Tips for Getting High as Medicine 

  1. If it’s your first time, take your first dose at night before bed or after dinner. This will allow you to experience the effects without having to worry about places to be or things to do. Proper mindset and setting have a strong influence on the experience. If needed, consider having a friend or loved one with you for reassurance.

  2. Medicate with a high THC product before writing in your journal.

  3. Medicate before nature walk, yoga, meditation, or another wellness practice.

  4. Medicate and listen to some of your favorite music.

  5. Medicate and create - draw, make music, paint, craft, write. Whatever creative outlet you enjoy.
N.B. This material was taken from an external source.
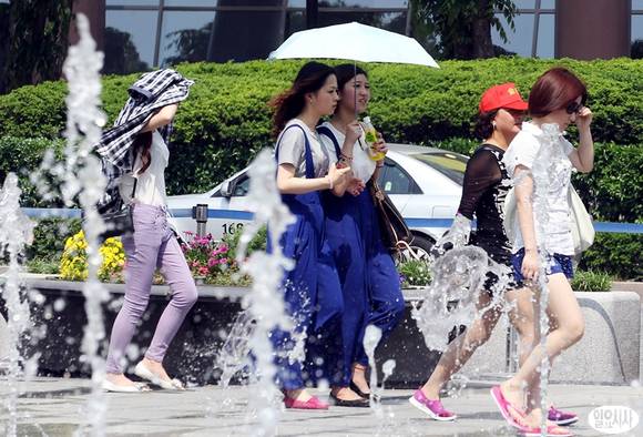 서울의 한 낮 최고 기온이 30도까지 오르면서 올 들어 가장 더운 날씨를 기록한 23일 오후 서울 광화문광장 분수대에서 시민들이 볕을 피해 걸음을 재촉하고 있다.

  6. Grab a friend. I don’t mean share your meds, that would be illegal, but we are social beings and getting high is always better with someone you love.

  7. Grab your lover. Sex is healing, and for many of us with chronic illness it can be difficult. Cannabis can help break down some of those barriers and let you enjoy the experience (and it will make it feel better!).

  8. If enjoyable, get high intentionally at least once weekly exploring various doses of THC. Be mindful to use with intention. If you are prone to disconnecting and checking out of your psychoactive use, be mindful of things to look for.